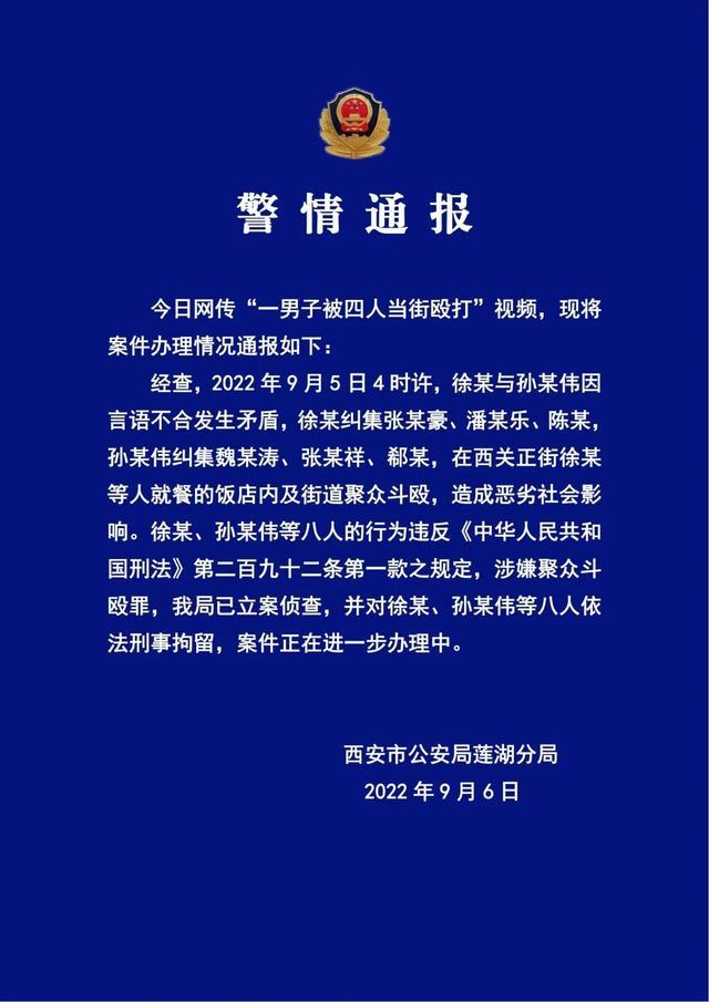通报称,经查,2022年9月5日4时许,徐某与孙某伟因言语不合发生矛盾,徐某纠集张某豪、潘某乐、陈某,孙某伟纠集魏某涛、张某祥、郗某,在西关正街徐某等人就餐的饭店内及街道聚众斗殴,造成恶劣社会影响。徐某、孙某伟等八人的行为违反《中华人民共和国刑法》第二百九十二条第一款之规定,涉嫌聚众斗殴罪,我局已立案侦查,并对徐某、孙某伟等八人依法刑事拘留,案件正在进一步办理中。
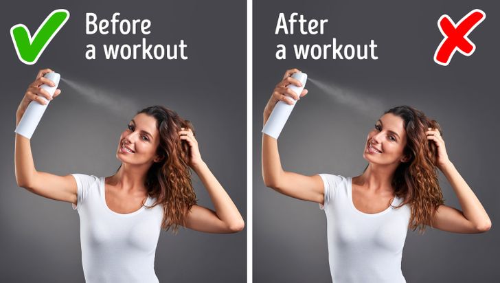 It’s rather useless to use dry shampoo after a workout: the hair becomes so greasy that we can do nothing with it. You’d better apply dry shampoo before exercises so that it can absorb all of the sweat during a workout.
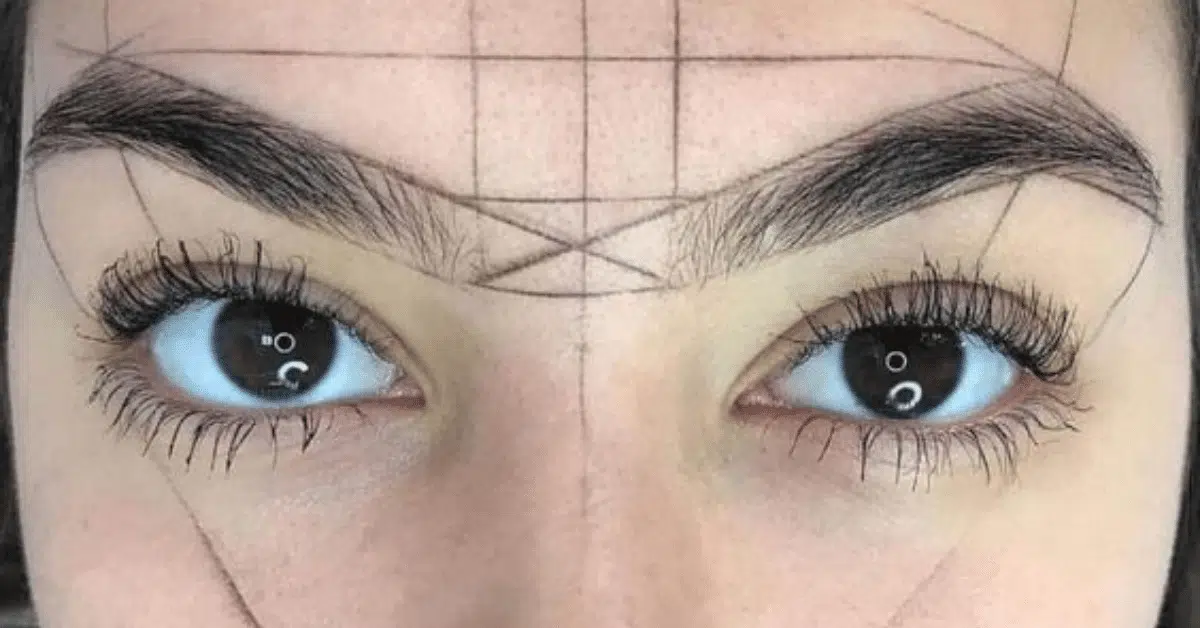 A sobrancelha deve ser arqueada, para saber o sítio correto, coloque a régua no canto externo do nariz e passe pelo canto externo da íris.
══════════
• _How to complete this task_
Copy out the material above exactly; the images stay out.

• _Solved problem_
通报称,经查,2022年9月5日4时许,徐某与孙某伟因言语不合发生矛盾,徐某纠集张某豪、潘某乐、陈某,孙某伟纠集魏某涛、张某祥、郗某,在西关正街徐某等人就餐的饭店内及街道聚众斗殴,造成恶劣社会影响。徐某、孙某伟等八人的行为违反《中华人民共和国刑法》第二百九十二条第一款之规定,涉嫌聚众斗殴罪,我局已立案侦查,并对徐某、孙某伟等八人依法刑事拘留,案件正在进一步办理中。
 It’s rather useless to use dry shampoo after a workout: the hair becomes so greasy that we can do nothing with it. You’d better apply dry shampoo before exercises so that it can absorb all of the sweat during a workout.
 A sobrancelha deve ser arqueada, para saber o sítio correto, coloque a régua no canto externo do nariz e passe pelo canto externo da íris.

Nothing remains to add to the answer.